[Work required] Take the listing below and output it exactly, with no images.

[Information provided]
Content starts

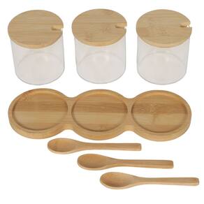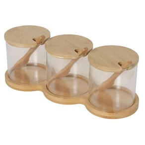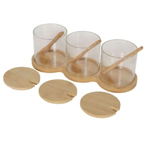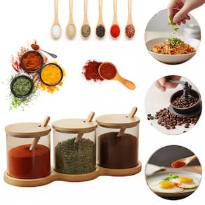 Kit Organizador de Temperos Premium: 3 Potes de Vidro, Tampas de Bambu e Colheres Inclusas
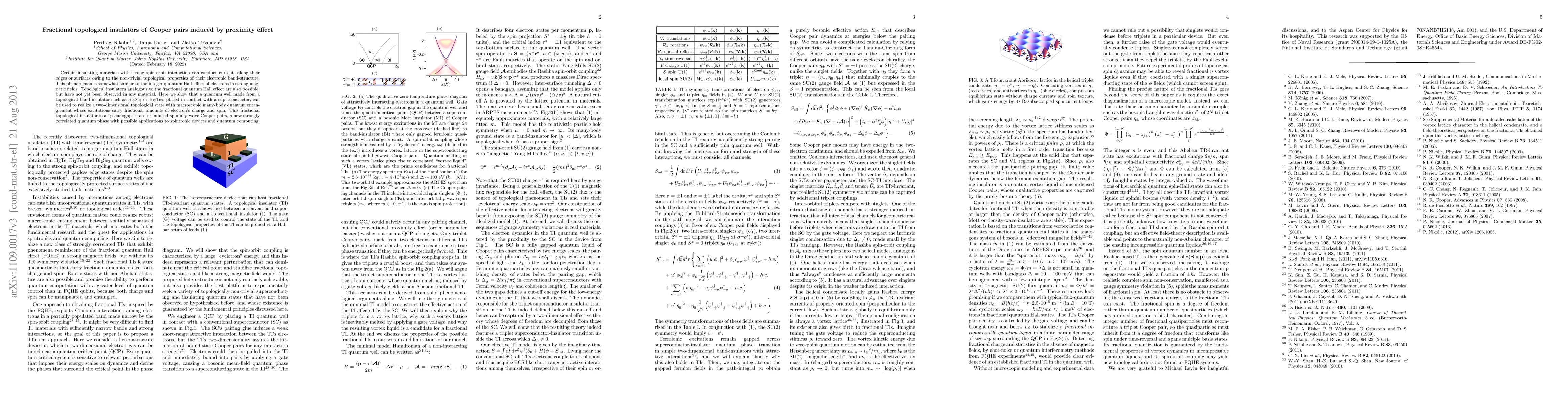 This paper demonstrates the realization of a fractional topological insulator through the proximity effect between a topological band insulator and a superconductor, resulting in a state with fractional charge and spin excitations. This "pseudogap" state of induced spinful p-wave Cooper pairs has significant implications for quantum field theory, spintronics, and quantum computing.
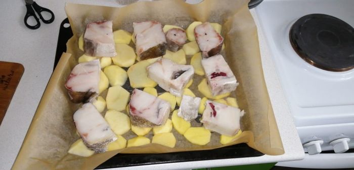 укладываем треску , режем как удобно будет вам их употреблять (я брал готовые уже стейки ) почему то фото не перевернулось

Content ends

[Result below]
 Kit Organizador de Temperos Premium: 3 Potes de Vidro, Tampas de Bambu e Colheres Inclusas
 This paper demonstrates the realization of a fractional topological insulator through the proximity effect between a topological band insulator and a superconductor, resulting in a state with fractional charge and spin excitations. This "pseudogap" state of induced spinful p-wave Cooper pairs has significant implications for quantum field theory, spintronics, and quantum computing.
 укладываем треску , режем как удобно будет вам их употреблять (я брал готовые уже стейки ) почему то фото не перевернулось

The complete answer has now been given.